You are correct. I have never claimed to have seen an alien. I claim to have seen an alien object, typically described as a UFO, and yes in the same way as people see lights in the sky or anything else ... I saw it with my own eyes. As for what other people have seen, if they are religious, it would be natural for them to interpret such a sighting to some deity. I'm not religious though, so I simply see it as some kind of object that fails to conform to anything we know of ... therefore it is alien ... not "an alien", but simply alien to us. I've never made any claim that I know where the thing I saw actually came from.

j.r.
You may not be religious but as you say on your website "The paranormal has been a part of my life-experience all the way from childhood to the present.". Even prior to 1974 you had had experiences that you had interpreted as being extraordinary, according to your website. Therefore, it would be natural for you to interpret subsequent unusual events through the filter that you had already developed.

Is this a fair comment?
 
It's amaziing to see how the skeptic's perception of human ability changes to suit their biases. If it is about a UFO sighting, humans are frail fallible creatures with senses and brains so poor they can't count on them to recall anything accurately and are fooled easily into believing almost anything. When it suits their bias the other way, for example when addressing supporters of ancient astronaut theories, suddenly even really primitive people are these brilliant smart creatures with incredible minds that can figure out almost anything and are constantly underestimated.


That whole thing is called a straw man argument. It's dishonestly misrepresenting other people's position so you can avoid addressing what is really being said.

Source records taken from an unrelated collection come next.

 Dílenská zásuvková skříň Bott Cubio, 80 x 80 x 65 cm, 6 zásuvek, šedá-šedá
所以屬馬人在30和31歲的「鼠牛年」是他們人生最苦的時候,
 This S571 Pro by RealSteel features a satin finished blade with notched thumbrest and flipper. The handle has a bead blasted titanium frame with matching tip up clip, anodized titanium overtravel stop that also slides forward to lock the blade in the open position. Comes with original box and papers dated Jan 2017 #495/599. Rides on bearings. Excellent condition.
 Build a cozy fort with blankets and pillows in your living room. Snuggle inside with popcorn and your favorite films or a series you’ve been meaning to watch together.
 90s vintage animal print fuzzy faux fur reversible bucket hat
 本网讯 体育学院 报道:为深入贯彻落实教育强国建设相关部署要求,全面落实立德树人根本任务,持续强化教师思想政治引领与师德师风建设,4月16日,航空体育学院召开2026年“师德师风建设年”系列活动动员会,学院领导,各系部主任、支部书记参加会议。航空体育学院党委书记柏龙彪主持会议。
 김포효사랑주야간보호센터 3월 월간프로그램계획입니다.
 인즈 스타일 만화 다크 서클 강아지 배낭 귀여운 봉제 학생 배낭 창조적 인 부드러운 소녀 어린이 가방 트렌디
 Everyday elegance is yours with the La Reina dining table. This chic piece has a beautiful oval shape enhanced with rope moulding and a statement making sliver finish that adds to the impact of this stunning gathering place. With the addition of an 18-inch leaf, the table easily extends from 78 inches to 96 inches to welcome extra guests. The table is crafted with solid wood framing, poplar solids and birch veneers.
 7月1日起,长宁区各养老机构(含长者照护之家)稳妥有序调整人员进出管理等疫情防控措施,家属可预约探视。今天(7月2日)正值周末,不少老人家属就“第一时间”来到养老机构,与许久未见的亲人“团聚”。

And only a very few people go around insisting their senses and brains are so good they recall every little detail of events that happened decades ago. Even fewer of them continue to insist on it even after they've proven how poorly their memories work. Nobody is knocking humans in general for their fallibility. The skeptics' are going to note those who do fail but don't recognize their failure, especially when that fallibility comes through in such ridiculous arguments. The skeptics are being cooperative and helpful. But of course there's no way we can force anyone to learn critical thinking, objectivity, and skepticism if someone either doesn't want to or doesn't have the capacity to learn it.

Oh, and once more, you are not being persecuted no matter how often you try to pull that one. It is not the skeptics fault that your arguments are so poorly assembled and/or presented that they are wholly unconvincing.